**Work to complete**
Please print the data that follows, keeping every line exact.

═══ Dataset records ═══

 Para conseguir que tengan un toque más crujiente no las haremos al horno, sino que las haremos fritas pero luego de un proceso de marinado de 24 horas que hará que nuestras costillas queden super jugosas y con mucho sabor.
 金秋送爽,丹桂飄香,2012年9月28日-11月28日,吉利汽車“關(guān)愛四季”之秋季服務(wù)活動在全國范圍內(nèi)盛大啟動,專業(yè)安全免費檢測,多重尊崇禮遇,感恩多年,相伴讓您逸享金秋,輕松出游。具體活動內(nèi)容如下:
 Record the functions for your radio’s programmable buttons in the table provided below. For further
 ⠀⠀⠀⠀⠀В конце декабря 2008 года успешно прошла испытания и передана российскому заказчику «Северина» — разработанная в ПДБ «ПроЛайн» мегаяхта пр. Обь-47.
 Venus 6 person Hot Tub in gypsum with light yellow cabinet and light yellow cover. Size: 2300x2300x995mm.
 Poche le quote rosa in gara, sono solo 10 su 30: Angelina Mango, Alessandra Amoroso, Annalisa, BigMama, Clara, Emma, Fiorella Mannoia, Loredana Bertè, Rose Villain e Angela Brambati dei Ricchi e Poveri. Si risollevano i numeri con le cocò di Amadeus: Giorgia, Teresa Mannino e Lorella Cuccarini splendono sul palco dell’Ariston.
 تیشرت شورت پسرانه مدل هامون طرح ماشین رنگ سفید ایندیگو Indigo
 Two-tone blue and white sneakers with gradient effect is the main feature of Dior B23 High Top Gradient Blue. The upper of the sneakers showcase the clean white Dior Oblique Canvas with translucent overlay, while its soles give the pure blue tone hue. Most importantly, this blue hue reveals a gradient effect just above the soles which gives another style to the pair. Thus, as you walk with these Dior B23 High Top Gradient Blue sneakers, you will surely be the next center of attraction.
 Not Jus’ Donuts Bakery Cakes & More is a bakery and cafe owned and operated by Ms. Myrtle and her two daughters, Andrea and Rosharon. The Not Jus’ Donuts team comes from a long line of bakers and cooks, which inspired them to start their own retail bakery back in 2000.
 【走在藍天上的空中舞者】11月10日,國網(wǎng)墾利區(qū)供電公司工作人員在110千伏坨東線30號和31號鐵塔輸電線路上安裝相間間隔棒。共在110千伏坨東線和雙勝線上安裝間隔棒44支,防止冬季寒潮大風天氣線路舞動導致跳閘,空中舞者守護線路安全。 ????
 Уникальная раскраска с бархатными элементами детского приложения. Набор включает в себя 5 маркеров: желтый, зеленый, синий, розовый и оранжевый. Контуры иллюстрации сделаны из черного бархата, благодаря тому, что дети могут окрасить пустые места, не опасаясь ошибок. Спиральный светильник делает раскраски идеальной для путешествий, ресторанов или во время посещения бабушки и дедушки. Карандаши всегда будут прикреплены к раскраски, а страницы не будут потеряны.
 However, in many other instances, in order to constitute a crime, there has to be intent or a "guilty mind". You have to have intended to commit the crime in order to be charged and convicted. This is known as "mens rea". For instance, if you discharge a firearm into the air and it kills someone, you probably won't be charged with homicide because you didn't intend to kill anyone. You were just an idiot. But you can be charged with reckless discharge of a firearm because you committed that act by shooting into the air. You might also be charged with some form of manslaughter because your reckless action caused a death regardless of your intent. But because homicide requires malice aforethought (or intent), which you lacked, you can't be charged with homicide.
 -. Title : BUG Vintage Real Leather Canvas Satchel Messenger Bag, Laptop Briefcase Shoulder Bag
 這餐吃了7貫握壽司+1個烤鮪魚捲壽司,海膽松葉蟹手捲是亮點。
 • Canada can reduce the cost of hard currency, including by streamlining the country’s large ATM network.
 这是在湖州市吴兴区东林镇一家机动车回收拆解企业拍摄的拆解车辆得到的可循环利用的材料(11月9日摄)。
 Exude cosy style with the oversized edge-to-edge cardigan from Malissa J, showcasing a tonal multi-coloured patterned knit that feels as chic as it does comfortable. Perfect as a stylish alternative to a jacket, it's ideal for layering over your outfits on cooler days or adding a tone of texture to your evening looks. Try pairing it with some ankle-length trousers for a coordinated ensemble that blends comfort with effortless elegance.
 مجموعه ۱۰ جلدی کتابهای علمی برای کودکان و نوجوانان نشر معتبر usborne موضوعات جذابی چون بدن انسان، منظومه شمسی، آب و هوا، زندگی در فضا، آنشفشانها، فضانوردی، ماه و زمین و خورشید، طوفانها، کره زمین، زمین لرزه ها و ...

═══

**Task response**
 Para conseguir que tengan un toque más crujiente no las haremos al horno, sino que las haremos fritas pero luego de un proceso de marinado de 24 horas que hará que nuestras costillas queden super jugosas y con mucho sabor.
 金秋送爽,丹桂飄香,2012年9月28日-11月28日,吉利汽車“關(guān)愛四季”之秋季服務(wù)活動在全國范圍內(nèi)盛大啟動,專業(yè)安全免費檢測,多重尊崇禮遇,感恩多年,相伴讓您逸享金秋,輕松出游。具體活動內(nèi)容如下:
 Record the functions for your radio’s programmable buttons in the table provided below. For further
 ⠀⠀⠀⠀⠀В конце декабря 2008 года успешно прошла испытания и передана российскому заказчику «Северина» — разработанная в ПДБ «ПроЛайн» мегаяхта пр. Обь-47.
 Venus 6 person Hot Tub in gypsum with light yellow cabinet and light yellow cover. Size: 2300x2300x995mm.
 Poche le quote rosa in gara, sono solo 10 su 30: Angelina Mango, Alessandra Amoroso, Annalisa, BigMama, Clara, Emma, Fiorella Mannoia, Loredana Bertè, Rose Villain e Angela Brambati dei Ricchi e Poveri. Si risollevano i numeri con le cocò di Amadeus: Giorgia, Teresa Mannino e Lorella Cuccarini splendono sul palco dell’Ariston.
 تیشرت شورت پسرانه مدل هامون طرح ماشین رنگ سفید ایندیگو Indigo
 Two-tone blue and white sneakers with gradient effect is the main feature of Dior B23 High Top Gradient Blue. The upper of the sneakers showcase the clean white Dior Oblique Canvas with translucent overlay, while its soles give the pure blue tone hue. Most importantly, this blue hue reveals a gradient effect just above the soles which gives another style to the pair. Thus, as you walk with these Dior B23 High Top Gradient Blue sneakers, you will surely be the next center of attraction.
 Not Jus’ Donuts Bakery Cakes & More is a bakery and cafe owned and operated by Ms. Myrtle and her two daughters, Andrea and Rosharon. The Not Jus’ Donuts team comes from a long line of bakers and cooks, which inspired them to start their own retail bakery back in 2000.
 【走在藍天上的空中舞者】11月10日,國網(wǎng)墾利區(qū)供電公司工作人員在110千伏坨東線30號和31號鐵塔輸電線路上安裝相間間隔棒。共在110千伏坨東線和雙勝線上安裝間隔棒44支,防止冬季寒潮大風天氣線路舞動導致跳閘,空中舞者守護線路安全。 ????
 Уникальная раскраска с бархатными элементами детского приложения. Набор включает в себя 5 маркеров: желтый, зеленый, синий, розовый и оранжевый. Контуры иллюстрации сделаны из черного бархата, благодаря тому, что дети могут окрасить пустые места, не опасаясь ошибок. Спиральный светильник делает раскраски идеальной для путешествий, ресторанов или во время посещения бабушки и дедушки. Карандаши всегда будут прикреплены к раскраски, а страницы не будут потеряны.
 However, in many other instances, in order to constitute a crime, there has to be intent or a "guilty mind". You have to have intended to commit the crime in order to be charged and convicted. This is known as "mens rea". For instance, if you discharge a firearm into the air and it kills someone, you probably won't be charged with homicide because you didn't intend to kill anyone. You were just an idiot. But you can be charged with reckless discharge of a firearm because you committed that act by shooting into the air. You might also be charged with some form of manslaughter because your reckless action caused a death regardless of your intent. But because homicide requires malice aforethought (or intent), which you lacked, you can't be charged with homicide.
 -. Title : BUG Vintage Real Leather Canvas Satchel Messenger Bag, Laptop Briefcase Shoulder Bag
 這餐吃了7貫握壽司+1個烤鮪魚捲壽司,海膽松葉蟹手捲是亮點。
 • Canada can reduce the cost of hard currency, including by streamlining the country’s large ATM network.
 这是在湖州市吴兴区东林镇一家机动车回收拆解企业拍摄的拆解车辆得到的可循环利用的材料(11月9日摄)。
 Exude cosy style with the oversized edge-to-edge cardigan from Malissa J, showcasing a tonal multi-coloured patterned knit that feels as chic as it does comfortable. Perfect as a stylish alternative to a jacket, it's ideal for layering over your outfits on cooler days or adding a tone of texture to your evening looks. Try pairing it with some ankle-length trousers for a coordinated ensemble that blends comfort with effortless elegance.
 مجموعه ۱۰ جلدی کتابهای علمی برای کودکان و نوجوانان نشر معتبر usborne موضوعات جذابی چون بدن انسان، منظومه شمسی، آب و هوا، زندگی در فضا، آنشفشانها، فضانوردی، ماه و زمین و خورشید، طوفانها، کره زمین، زمین لرزه ها و ...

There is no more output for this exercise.